Researchers in China have determined that rice was first domesticated in the country nearly 10,000 years ago.
The Atlantic reports that archaeologists at a site called Shangshan have unearthed bits of rice called phytoliths that were buried for thousands of years.
Phytoliths are hard, microscopic pieces of silica which plant cells create as a form of self-defense, and they don't burn, digest or decompose, the news source explains. Patterns in the phytoliths discovered at Shangshan provide evidence that people were cultivating rice roughly 10,000 years ago.
This marked a dramatic shift for hunter-gatherers, as they moved into domesticating a crop that has become a staple for vast swathes of the global population.
According to the magazine, Chinese archaeologists began working in Shangshan in the early 2000s and quickly discovered artifacts related to rice, such as rice husks buried in pottery shards and tools that may have been used for milling.

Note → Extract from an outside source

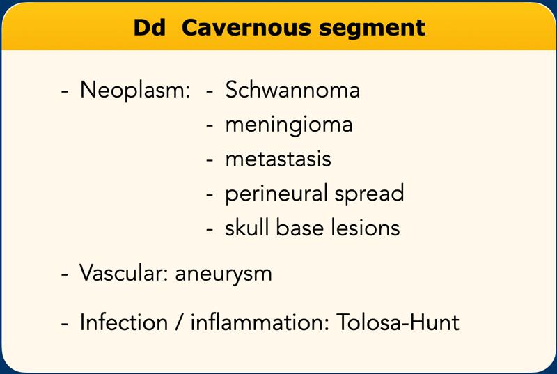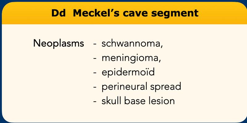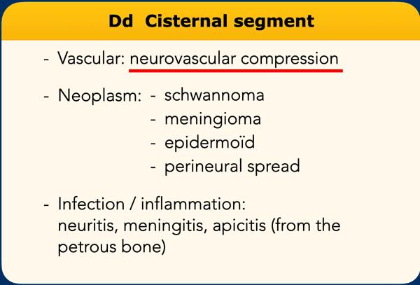 - Tân sinh: u bao thần kinh (schwannoma), u màng não (meningioma), u bì dạng thượng bì (epidermoïd), lan theo bao thần kinh (perineural spread)

The phytoliths, however, were everywhere, with less than a tenth of an ounce of soil potentially containing thousands of them.
The experts sifted these phytoliths from the dirt, cleaned them and heated them to create a white powder of pure phytoliths, The Atlantic shares. Then, they used carbon-14 dating to determine the age of the material and checked their results against other items found at the same depth below the surface.
The oldest phytolith they found was up to 9,400 years old.
According to the news source, this adds to evidence that rice was first cultivated at Shangshan, though it is possible that this occurred somewhere else that hasn't been excavated yet.